Miniature Schnauzer Dog Breed
Country of Origin: Germany
Height: 12–14 inches
Weight: Approx. 9–17.5 pounds
Coat: Double coat with hard, wiry outercoat and soft, close, dense undercoat
Colors: Salt and pepper, black and silver, solid black
Other Names: Zwergschnauzer
Registries (With Group): AKC (Terrier); UKC (Terrier)
Origin and History
Schnauzers have been popular farm dogs in Germany for centuries. They were hardworking, tough dogs who eradicated vermin but were also good family companions. Sizes ranged because there was no set type, and the larger dogs were used to pull carts, guard livestock, and hunt pests. The smaller dogs were used as general vermin exterminators.
The Miniature Schnauzer began to develop when fanciers of the Standard Schnauzer bred the smallest of the Standards with Affenpinschers and small black Poodles. Miniature Pinschers, Wire Fox Terriers, and Zwergspitz may also have been used in the mix. By the end of the 19th century, the Miniature Schnauzer was exhibited as a breed different from the Standard. (The Giant Schnauzer also sprang from the Standard, and like the Miniature, is considered a separate breed.)
Today, he is known throughout the world as an attractive companion and family dog. Many clubs label him as a “terrier,” even though he did not “go to ground” for his prey like traditional English terriers did. Although he may not be used for farm work much anymore, he is still a capable and spirited pet.

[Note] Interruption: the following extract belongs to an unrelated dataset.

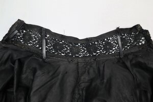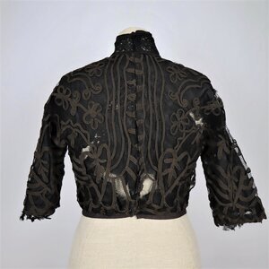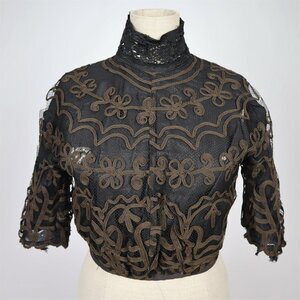 Bluse bestehend aus schwarzem Seidenfutter und Tüllstoff. Der grobmaschige Tull bestickt ist mit in floraler Form arrangierter braun-beiger Tresse bestickt. Vom Schnitt her ist die Bluse ausgesprochen simpel gehalten, es handelt sich um nur 2 Schnittteile da die Ärmel an das Fledermausärmel angeschnitten sind. Sie hat einen Stehkragen aus schwarzer maschinengemachter Nadelspitze der von innen durch Plastikstäbchen verstärkt ist- In der hinteren Mitte befindet sich der Druckknopf-Verschluss. Nur die mit Baumwollband eingefasste Taille schließt mit einem Haken, das ist nötig da an dieser Stelle sehr viel mehr Zug entsteht dem ein Druckknopf nicht standhalten könnte.

The Miniature Schnauzer is a popular and much-loved companion. He is rugged and alert and makes an excellent watchdog. He is fearless without being aggressive and he gets along well with children and other dogs. This breed is friendly and easy to socialize.
Daily sessions of exercise for the Miniature Schnauzer are necessary or his energy will turn to destructive behaviors. He is a hardy and healthy breed and is willing and able to go anywhere his family wants to go.
The Miniature Schnauzer’s tough outercoat and soft undercoat (considered a “broken” coat) require stripping or clipping to keep it from getting too bushy or unruly. A professional groomer can strip him so that he looks show-ring ready; otherwise, clipping is fine. His distinctive appearance includes feathering on the legs, a bushy beard, and profuse eyebrows.
The average life span of the Miniature Schnauzer is 15 or more years.
The Miniature Schnauzer is a smart dog who learns quickly. With methods that encourage and reward him, the Mini Schnauzer will pick up almost anything. He is a proven competitor in obedience and an eager and able agility dog.